SUPPLIED DATA Block Start

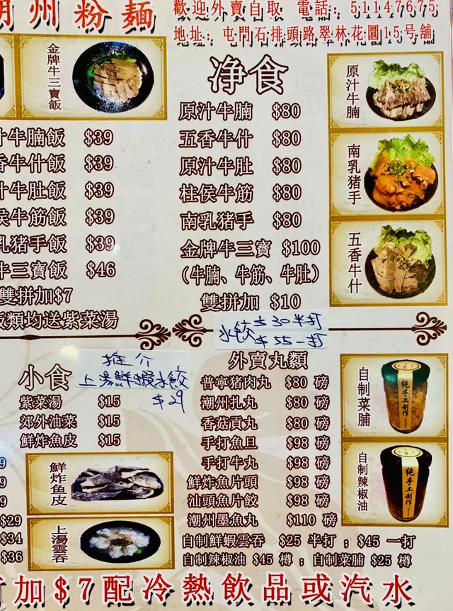 輝記潮州粉麵 (屯門) 網址: https://s.openrice.com/QrbS0RPG800 地址: 香港屯門石排頭路15號翠林花園地下15號舖 電話: +852 51147675
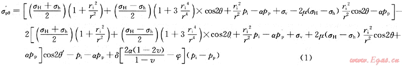 從式(1)可以看出:當(dāng)pi增大時,σ′pθ變??;當(dāng)pi增到一定程度時,σ′pθ將變成負(fù)值,即巖石所受周向應(yīng)力由壓縮變?yōu)槔?,?dāng)這種拉伸力大到足以克服巖石的抗拉強(qiáng)度時,地層則產(chǎn)生破裂,此時值為破裂壓力。
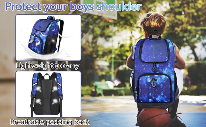 - Sturdy and Lightweight: The basketball backpack is lightweight yet rugged enough due to the high-density polyester material. It's water resistant, dirt and dust. This basketball bag's weight is 0.66 kg (1.46 lb), with comfortable padding and breathable straps which relieve the stress of the weight on the shoulders, and it will not feel heavy after packing basketball, shoes and other equipment. The bottom with four non-skid rubber feet to avoid getting dirty

SUPPLIED DATA Block End

◆ **EXERCISE AIM**: Skip every picture, and give the rest of the material above again exactly.

◆ **SOLUTION FOR THIS EXERCISE**:
 輝記潮州粉麵 (屯門) 網址: https://s.openrice.com/QrbS0RPG800 地址: 香港屯門石排頭路15號翠林花園地下15號舖 電話: +852 51147675
 從式(1)可以看出:當(dāng)pi增大時,σ′pθ變??;當(dāng)pi增到一定程度時,σ′pθ將變成負(fù)值,即巖石所受周向應(yīng)力由壓縮變?yōu)槔?,?dāng)這種拉伸力大到足以克服巖石的抗拉強(qiáng)度時,地層則產(chǎn)生破裂,此時值為破裂壓力。
 - Sturdy and Lightweight: The basketball backpack is lightweight yet rugged enough due to the high-density polyester material. It's water resistant, dirt and dust. This basketball bag's weight is 0.66 kg (1.46 lb), with comfortable padding and breathable straps which relieve the stress of the weight on the shoulders, and it will not feel heavy after packing basketball, shoes and other equipment. The bottom with four non-skid rubber feet to avoid getting dirty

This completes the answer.